На пилотку Василька садится мотылек и, сложив крылышки, долго так, удивленно глядит своими глазами-бусинками. Странными ему кажутся эти люди на дне челна, и никак он не может понять, зачем они лежат так недвижимо. Все мерещится ему подвох, и вот при первом же движении он распахнул крылышки и, сверкая, полетел далеко над золотистым камышом. А челн наш где-то возле самого берега. Слышен крик: «Пфейфер! Гу!», а затем разрыв брошенной в воду противотанковой колотуши, ударяет взрывная волна, чуть не опрокинув челн.
И затем в наступившей тишине — звон ведра, сопенье Пфейфера, собирающего в камышах оглушенную рыбу.
Лежим, прислушиваемся.
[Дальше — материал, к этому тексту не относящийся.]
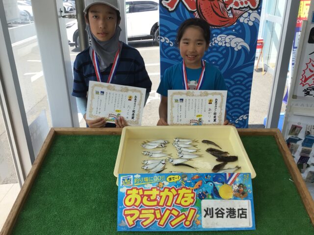 おさかなマラソンのお持ち込みです!碧南海釣り公園でサッパ、ハゼ、セイゴの3魚種達成♪更にスタンプ10個で金メダル到達です♪おめでとうございます!2周目も頑張ってくださいね♪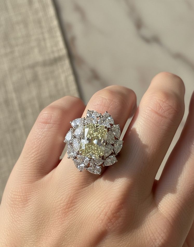 This beautiful piece has been crafted in 18ct White Gold with Radiant Cut Fancy Intense Yellow Lab Diamond ,Carat Weight – 5.81ct Fancy Intense Yellow Lab Diamond and 3.10ct Pear-Shaped White Diamonds in a floral halo design.

Тихо колышется, шуршит, убаюкивая, камыш. Который сейчас час?
Прогудел шмель.
— Торопится на базу! — сказал Василько.
Солнце уже на закате, вокруг, как штыки утонувших солдат, пустынный сверкает камыш. Во множестве летят капустницы. Праздник у них какой или что?
На зеленом, заросшем лозняком острове вспыхнула стрельба.
Совсем близко от нас из камышей ясно донесся голос: «Сережа, сюда!» — и вслед за этим бурный, прикрывающий стук ППД.